ATHENS — A powerful earthquake in the Aegean Sea killed two tourists on the Greek island of Kos early Friday and injured dozens of other people, several seriously, the Greek police said.
The quake also caused scores of injuries and property damage, including flooding, in the Turkish resort city of Bodrum.
There were different initial estimates of the preliminary magnitude of the tremor, which was centered between Kos and the nearby Aegean coast of Turkey. The Institute of Geodynamics at the National Observatory of Athens put it at 6.4, while the Kandilli Observatory in Istanbul put it at 6.6. The Institute of Geodynamics later revised its figure to 6.6.
The quake struck at 1.30 a.m. local time, as many visitors to Kos, a popular summer destination, were enjoying a night out.

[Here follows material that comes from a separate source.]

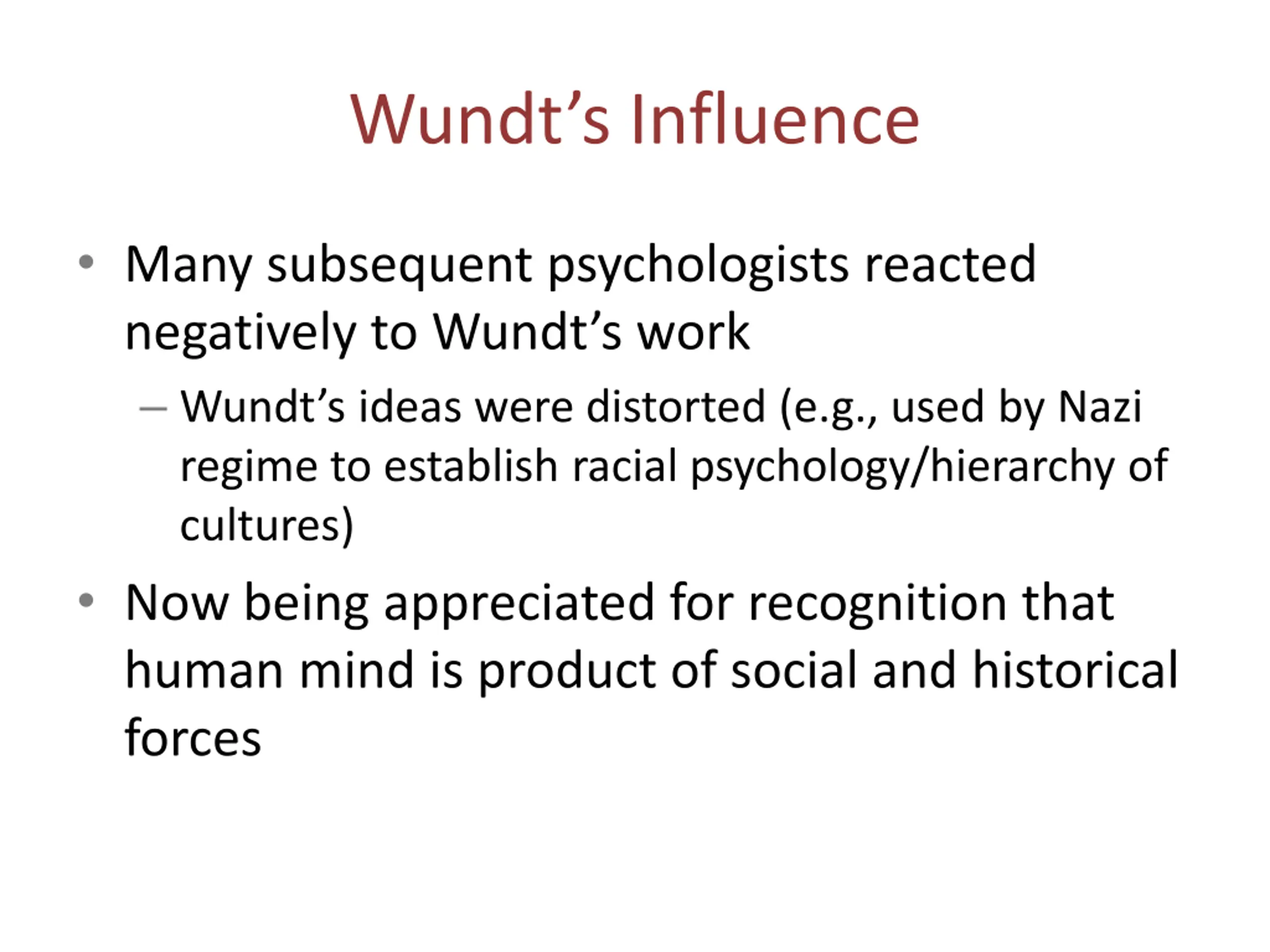 Wundts Influence Many subsequent psychologists reacted negatively to Wundt s work Wundt s ideas were distorted (e.g., used by Nazi regime to establish racial psychology/hierarchy of cultures) Now being appreciated for recognition that human mind is product of social and historical forces

Two men — a 22-year-old Swede and a 39-year-old Turk — died when the White Corner, a bar in which they had been drinking in the old town, partially collapsed, according to Petros Vasilakis, a Greek police spokesman for the southern Aegean region.
Dozens more were injured, seven seriously, according to Mr. Vasilakis, who said that some of those affected were Greeks and some were tourists. He added that one man had lost his legs. Military helicopters moved the seriously injured to hospitals on the nearby islands of Rhodes and Crete, and in Athens.
The extent of the damage caused by the earthquake was unclear, but it did not appear to have leveled as many buildings as a similarly strong temblor that hit the island of Lesbos, in the northern Aegean, last month. Apart from the bar that collapsed, the quake on Friday also destroyed a church and a mosque.
Greek television showed footage of deep cracks in roads and damage to the island’s main port.
According to Greece’s deputy shipping minister, Nektarios Santorinios, it will take three to four days for the port to be functional again. In the meantime, passenger ferries were being diverted to nearby islands. In comments to the Greek television channel Skai, Mr. Santorinios said residential areas had largely been unaffected by the quake, with damage concentrated in and around the old town.
Turkish television images, replayed on Greek channels, showed damage to roads and people waiting on the streets on the Turkish side, while reports indicated that a small number of people there had suffered minor injuries.